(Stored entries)
▬▬▬▬▬▬▬▬▬▬
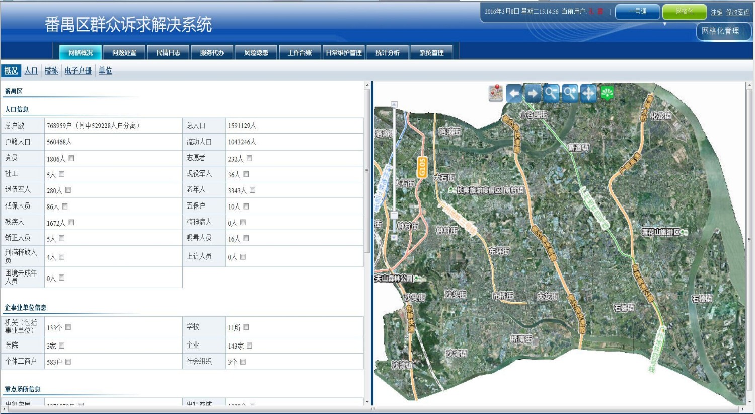 目前運行了10年的區(qū)長專線系統(tǒng)已升級為功能更加齊全的“一號通”系統(tǒng),同時將網(wǎng)格化系統(tǒng)、網(wǎng)格員個人終端PAD系統(tǒng)進行整合,建成番禺區(qū)群眾訴求解決系統(tǒng)平臺,同時將網(wǎng)格化系統(tǒng)與消防部門“消網(wǎng)通”、流管部門“流管通”、殘聯(lián)業(yè)務(wù)系統(tǒng)的融合,實現(xiàn)了城市管理類、公共事務(wù)類、安全隱患類、困難救助類等各種部(事)件的廣泛受理,為推行“常應(yīng)”結(jié)合網(wǎng)格化管理模式、發(fā)現(xiàn)化解各類安全隱患問題奠定了堅實的基礎(chǔ)。
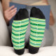 Celebrate St. Patrick's Day with striped socks. This design features various shades of green on a white background. There's a white badge, on the outside calf, of the each sock. The text reads, 'HAPPY ST. PATRICKS DAY” and has a neon green shamrock, in the center.
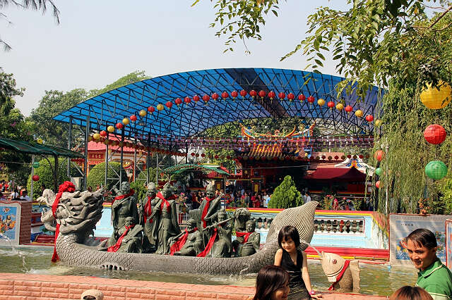 019仰光动物园去年龙年添设一条八米长的木雕中国龙,今年是小龙年,不少人都会在此拍照留影
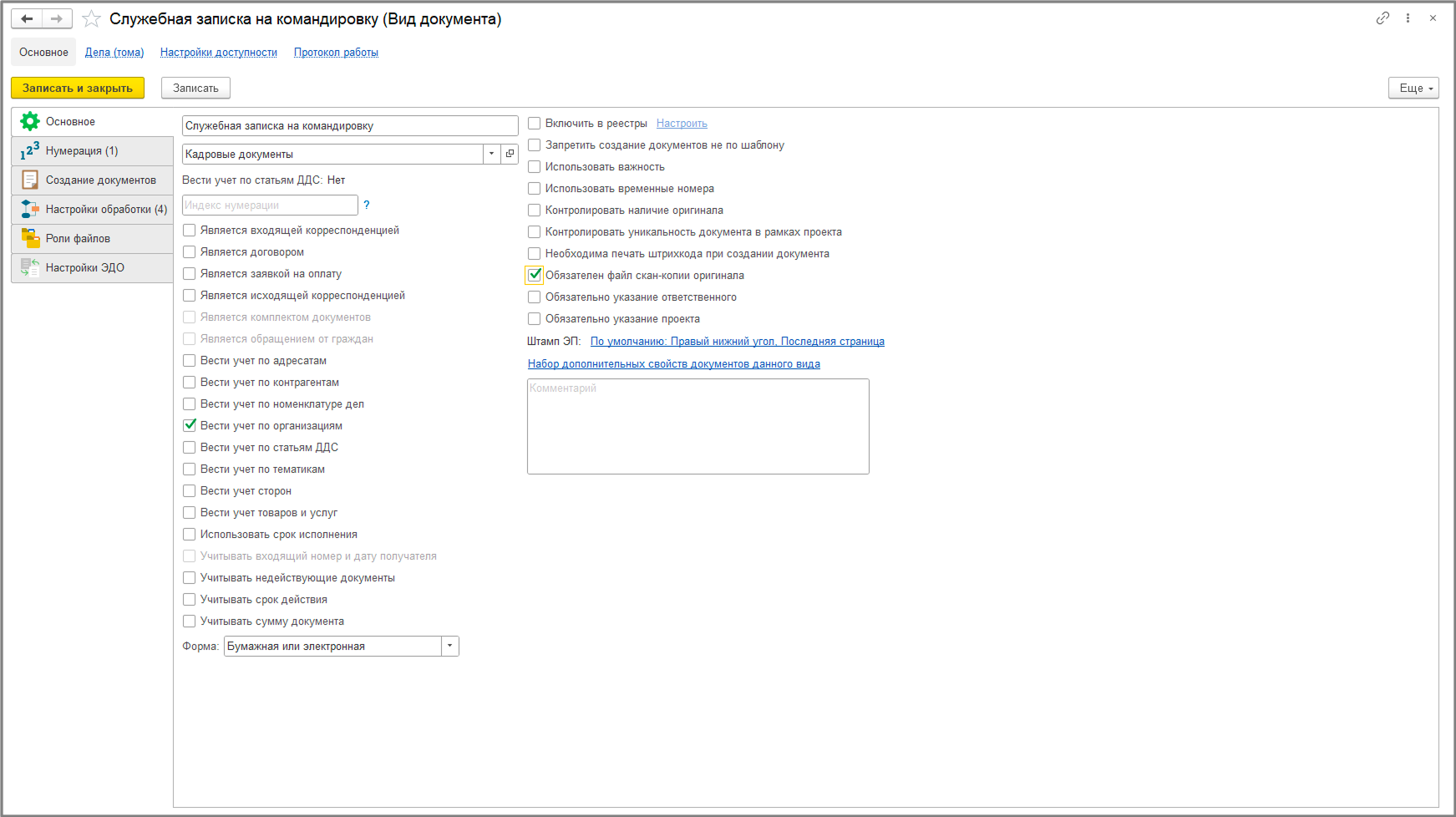 Файлы: здесь отображаются все файлы, прикрепленные к документу. Предусмотрена возможность пометки файла как скана оригинала.
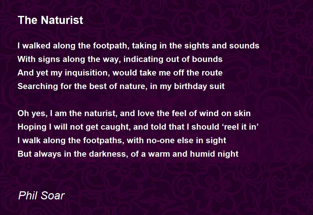 Oh yes, I am the naturist, and love the feel of wind on skin
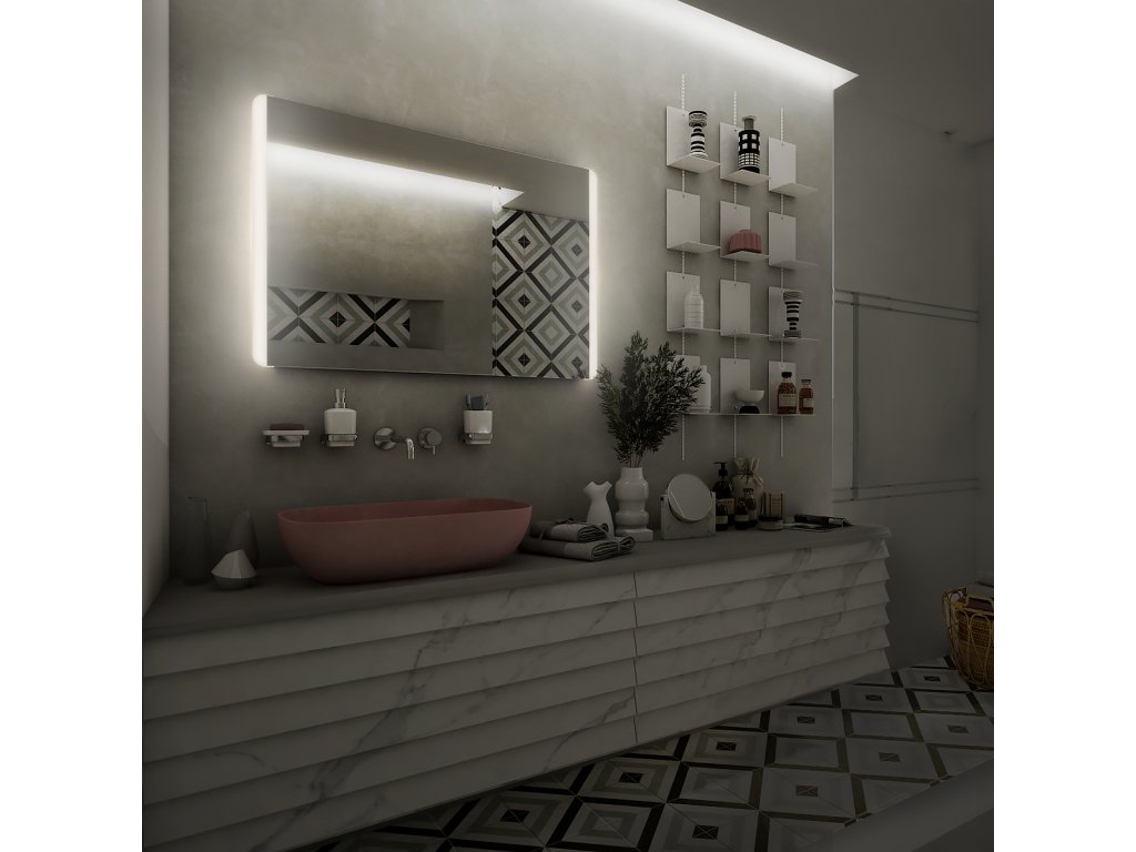 Obdélníkové bezrámové zrcadlo s oblými rohy a podsvícením ze stran pro moderní a elegantní vzhled.Zrcadlo bez integrovaného vypínače je určené k připojení a ovládání nástěnným vypínačem. Barva podsvícení zrcadla je pevně nastavena.
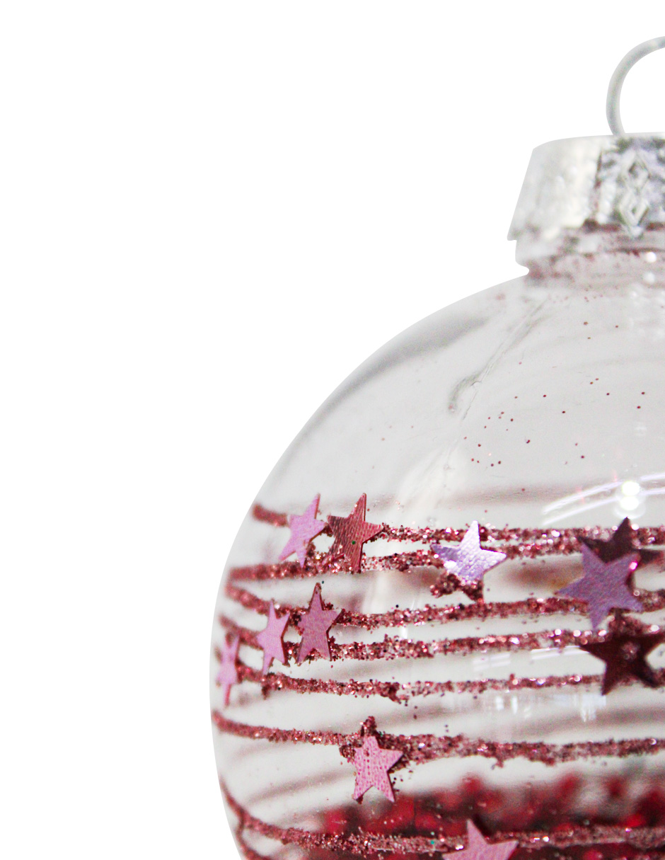 Esfera transparente rellena de canutillo rosa. Su diseño aporta brillo y un toque dulce, moderno y juvenil.
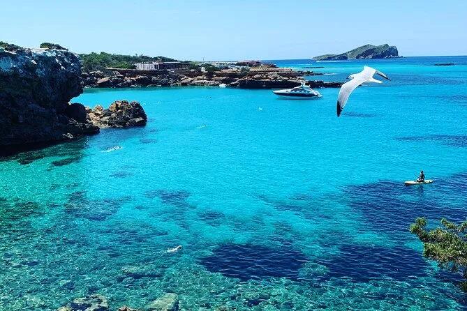 Durante le soste lungo la costa ovest di Ibiza puoi fare snorkeling, paddle board, kayak e nuotare.
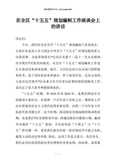 / 【七哥公文】2025年:在全区“十五五”规划编制工作座谈会上的讲话+更多免费公文+VX:QiGeGongWen2024
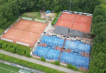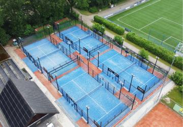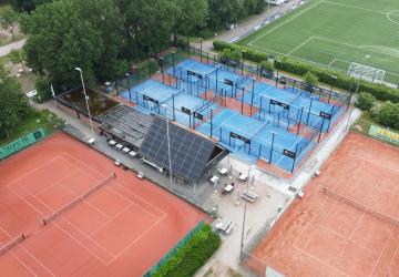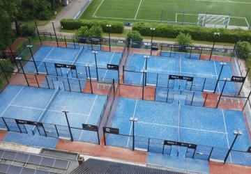 Amerongen Amerongse TV Aantal banen 4 Type kooi Padel-iD Panorama (Full View) Coating Zwart Glas 12mm Kunstgras speelveld / omloop Ten Cate blauw/rood Verlichting Philips 300 lux Vloer Kropor waterdoorlatend drainbeton Hoofdaannemer Rekre Sport Aanleg jaar 2024
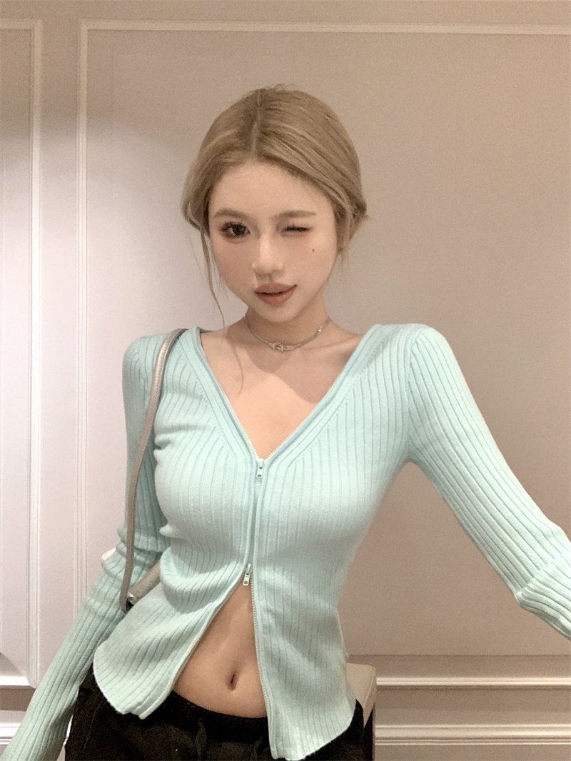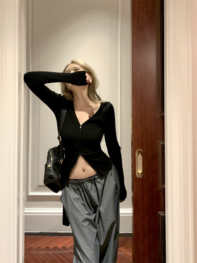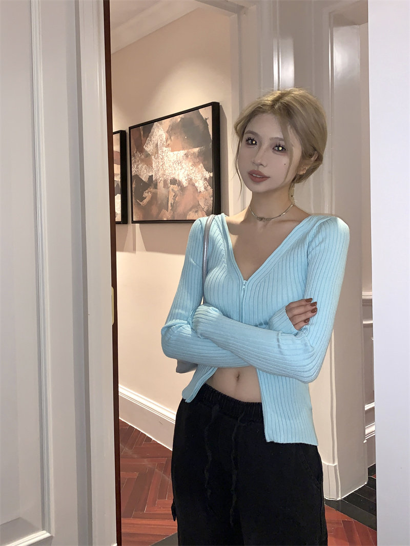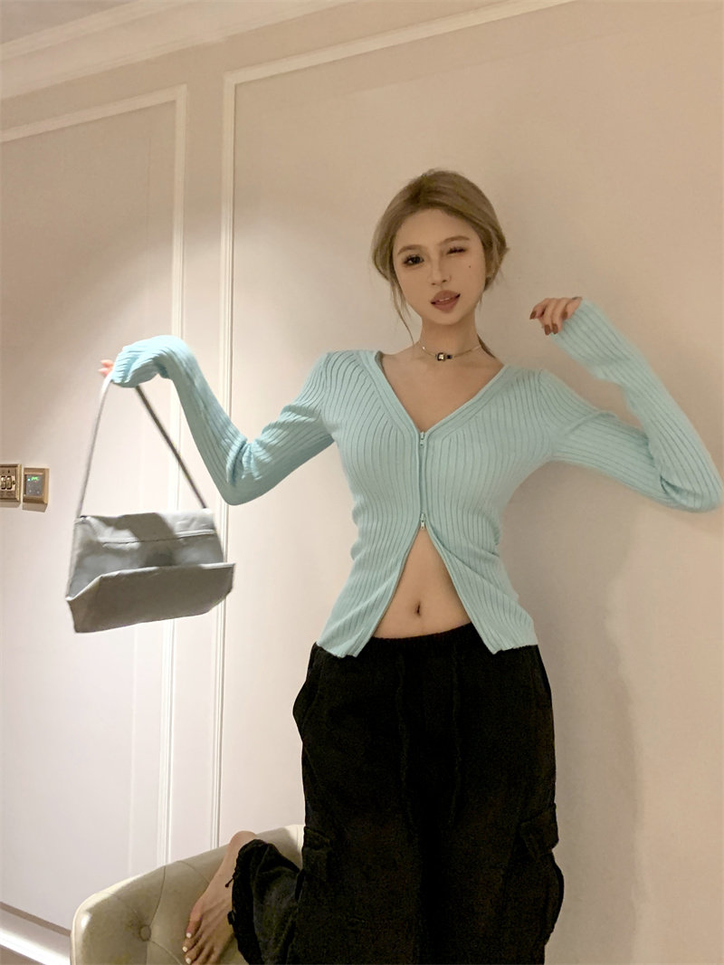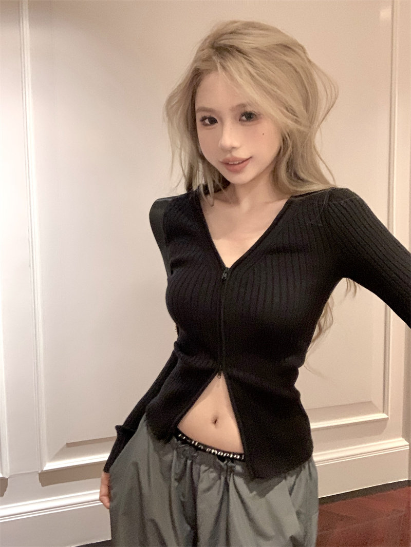 Трикотажный лонгслив, осенний свитер, кардиган с молнией, базовая приятная телу куртка, V-образный вырез, облегающий крой
▬▬▬▬▬▬▬▬▬▬
**The task:** Every line from the one bearing "Durante le soste" through the end of the data above must be output exactly, and no picture may appear.

**Solved exercise:**
 Durante le soste lungo la costa ovest di Ibiza puoi fare snorkeling, paddle board, kayak e nuotare.
 / 【七哥公文】2025年:在全区“十五五”规划编制工作座谈会上的讲话+更多免费公文+VX:QiGeGongWen2024
 Amerongen Amerongse TV Aantal banen 4 Type kooi Padel-iD Panorama (Full View) Coating Zwart Glas 12mm Kunstgras speelveld / omloop Ten Cate blauw/rood Verlichting Philips 300 lux Vloer Kropor waterdoorlatend drainbeton Hoofdaannemer Rekre Sport Aanleg jaar 2024
 Трикотажный лонгслив, осенний свитер, кардиган с молнией, базовая приятная телу куртка, V-образный вырез, облегающий крой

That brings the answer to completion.